My wife has always been “high maintenance”.
When she didn’t get her way, she would, quite literally, explode - screaming, cussing, crying.
I distinctly remember the first time she did it - I was shell-shocked. I had no idea what had just happened. I thought I had done something terribly wrong and caved to her demands quickly. Immediately the tears disappeared, the yelling stopped and she acted as if the whole episode had never occurred.
I never thought to ask her what the hell happened. Obviously it must have been my fault. Questioning it just wasn’t something I would ever think to do. Manipulation and scheming wasn’t in my vocabulary.
I was extremely naive.
Over the past 40 years my wife’s “high maintenance" has evolved - grown. It no longer is just the crying and "poor me" act. Oh no. It’s much, much more. It’s “You’re a horrible excuse for a human being; a lousy husband, a horrible father. Why don’t you just go ahead and kill yourself? Get it over with…” more.
Recently I went searching for information on symptoms of being bullied - and what I found shocked me. There are many different types of bullies, from simple physical ones to the more sneaky and dangerous emotional ones.
I’m going to share with you the list I found - and the knowledge that my wife exhibits each and every symptom.
Does your girlfriend or wife yell, scream, and swear at you? Do you feel like you can’t talk to anyone about your relationship because they just wouldn’t understand? Is your relationship making you feel like you’re slowly going crazy?
If so, you’re probably involved with a woman who is an emotionally abusive bully. Most men don’t want to admit that they’re in an abusive relationship.
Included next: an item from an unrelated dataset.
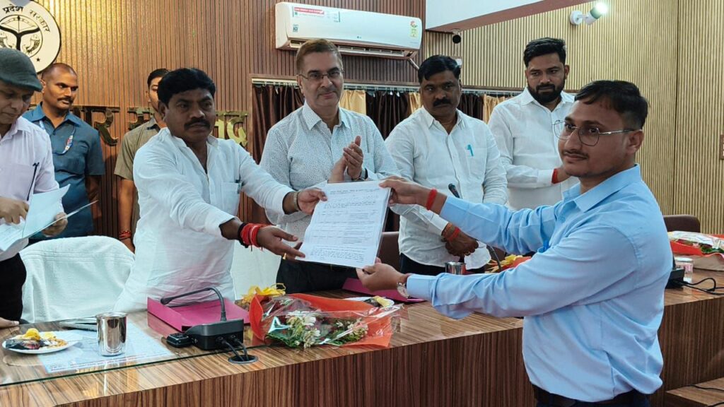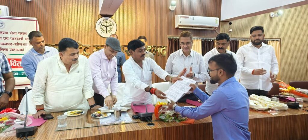 सोनभद्र। जिले के कलेक्ट्रेट सभागार में आज उत्तर प्रदेश अधीनस्थ सेवा चयन आयोग में चयनित पांच लाभार्थियों को नियुक्त पत्र बांटा गया जिसमें बतौर मुख्य अतिथि पहुंचे समाज कल्याण राज्य मंत्री संजीव गौड़ ने जहां नए चयनित अभ्यर्थियों को शुभकामनाएं दीं। वही आज पूरे प्रदेश में नियुक्ति पत्र वितरण कार्यक्रम आयोजित हुआ। जिसमें करीब 1112 कनिष्ठ सहायक और 22 एक्स-रे टेक्नीशियन को नियुक्ति पत्र सौंपे गए। इसी कड़ी में सोनभद्र में भी 5 कनिष्ठ सहायकों को नियुक्ति पत्र दिए गए।

They describe the relationship and their girlfriend/wife using other terms like crazy, emotional, controlling, bossy, domineering, constant conflict, or volatile. If you use words like this to describe your relationship, odds are you’re being emotionally abused.
Do you recognize any of the following behaviors?
1) Bullying. If she doesn’t get her way, there’s hell to pay. She wants to control you and resorts to emotional intimidation to do it. She uses verbal assaults and threats in order to get you to do what she wants. It makes her feel powerful to make you feel bad. People with a Narcissistic personality are often bullies.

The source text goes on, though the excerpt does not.